Горькая правда Горького

Юрий Владимирович Зобнин родился в Ленинграде в 1966 году. Окончил филологический факультет ЛГУ. Доктор филологических наук, профессор, научный сотрудник РНБ.
Автор многочисленных работ, посвященных российской культуре конца XIX — начала XX века, творчеству писателей Серебряного века и русского зарубежья, среди которых монографии «Николай Гумилев — поэт Православия», «Казнь Николая Гумилева», «Жизнь и деяния Дмитрия Мережковского», «Поэзия белой эмиграции».
Живет в Санкт-Петербурге.

К 145-летию со дня рождения писателя

Помню, школьником я как-то пожаловался моей бабке, Вере Антоновне, что-де на уроках литературы замучили меня Горьким.

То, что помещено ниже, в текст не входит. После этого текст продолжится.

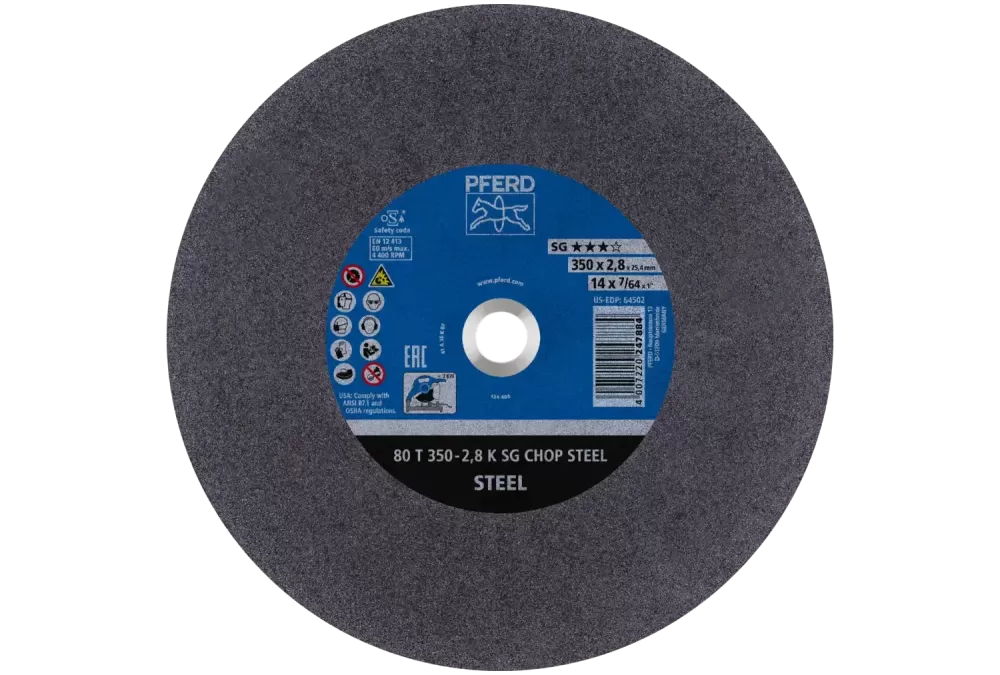 Asortyment produktów PFERD oferuje ściernice do przecinania do pił do cięcia metalu (CHOPSAW) w różnych wersjach i rozmiarach. Ściernice do przecinania do pił do cięcia metalu wykorzystywane są do cięcia pełnego materiału, profili i rur.
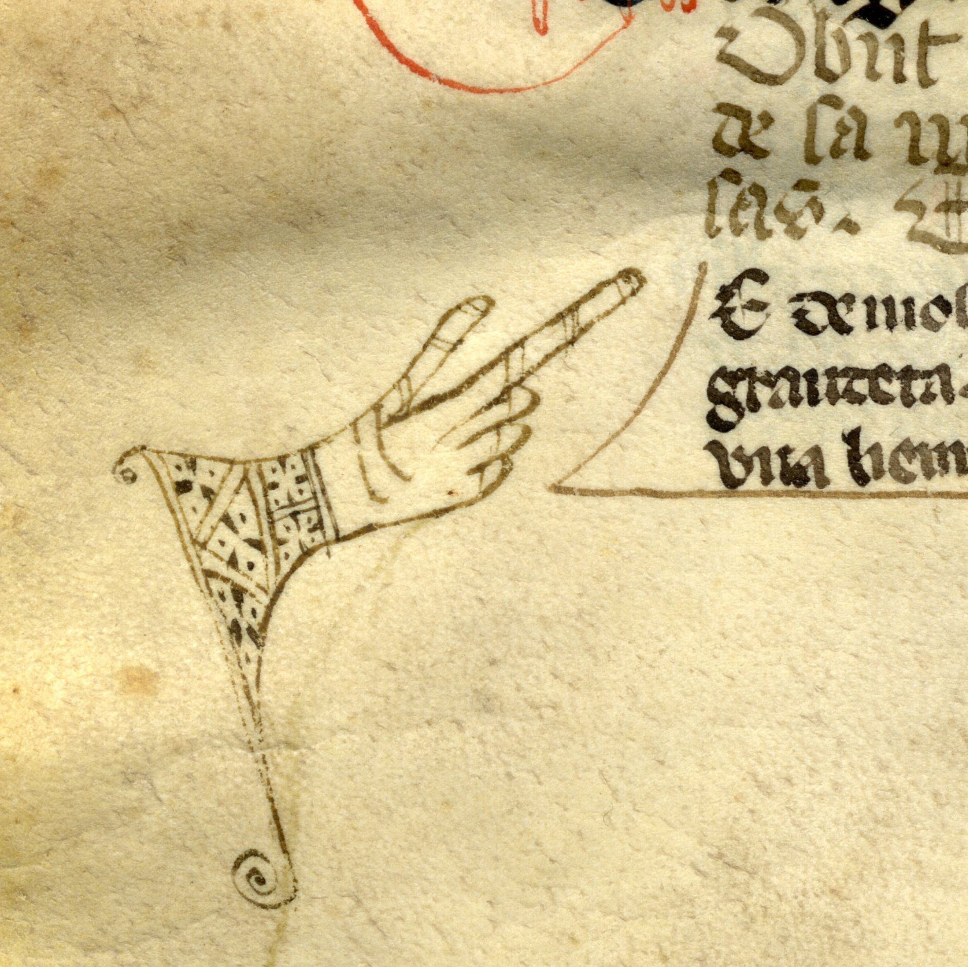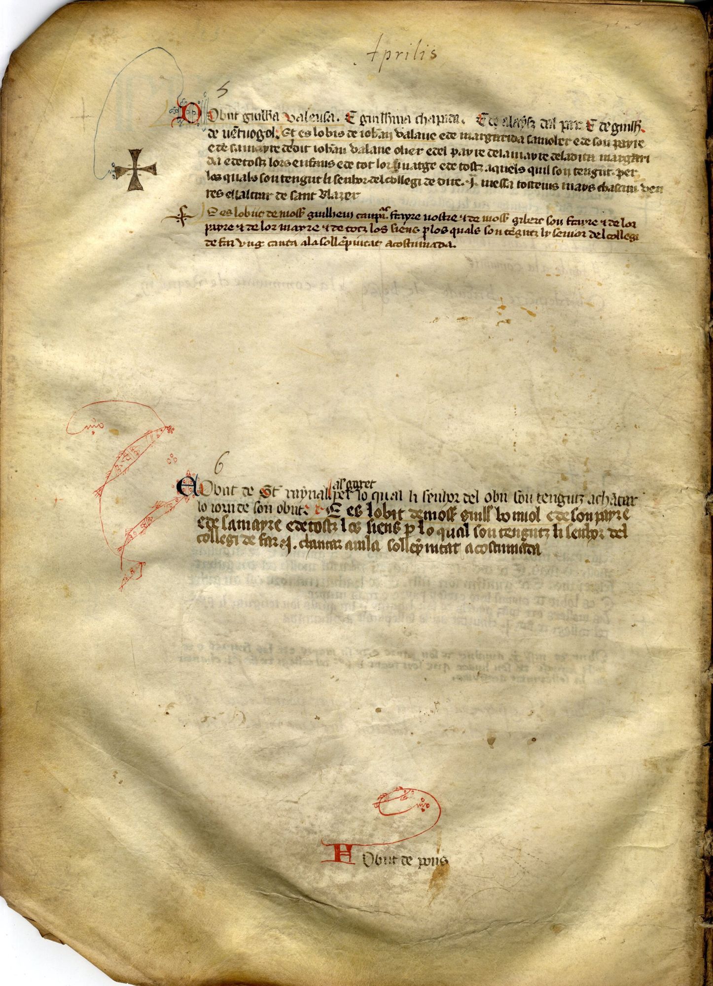Conformément à l’habitude des copistes médiévaux, l’obituaire est agrémenté de couleurs : des traits rouges rehaussent certaines lettres, et des fioritures rouges et bleues jaillissent des initiales de chaque paragraphe. Ces initiales, de A à G, étaient à l’origine les seuls repères signalant le passage d’un jour à l’autre. Le quantième au-dessus de chaque paragraphe et le nom du mois en haut de la page (« Maius », mai en latin) sont d’une écriture plus tardive et ont donc été ajoutés après, dans un souci pragmatique tout à fait compréhensible. Des petites mains à l’index tendu signalent des noms sans doute jugés importants. Les autres décors sont peu nombreux. On remarquera cependant l’heureuse intuition du scribe qui, sans connaître notre actuelle tradition, a placé au début du quatrième mois de l’année de beaux poissons d’avril.

Как раз тогда в мои руки впервые попал «Виконт де Бражелон» Александра Дюма, и после феерической, захватывающей истории Железной Маски чтение «Матери» навевало какое-то особое, безнадежное уныние. Бабка Вера (великого ума была женщина, царство ей небесное) выслушала меня внимательно и задумчиво сказала:

— Да, виконт — это, конечно, хорошо... Очень хорошо... Только, знаешь, Горький-то — он правду пишет. Вот как он, Горький, пишет, — это правда и есть...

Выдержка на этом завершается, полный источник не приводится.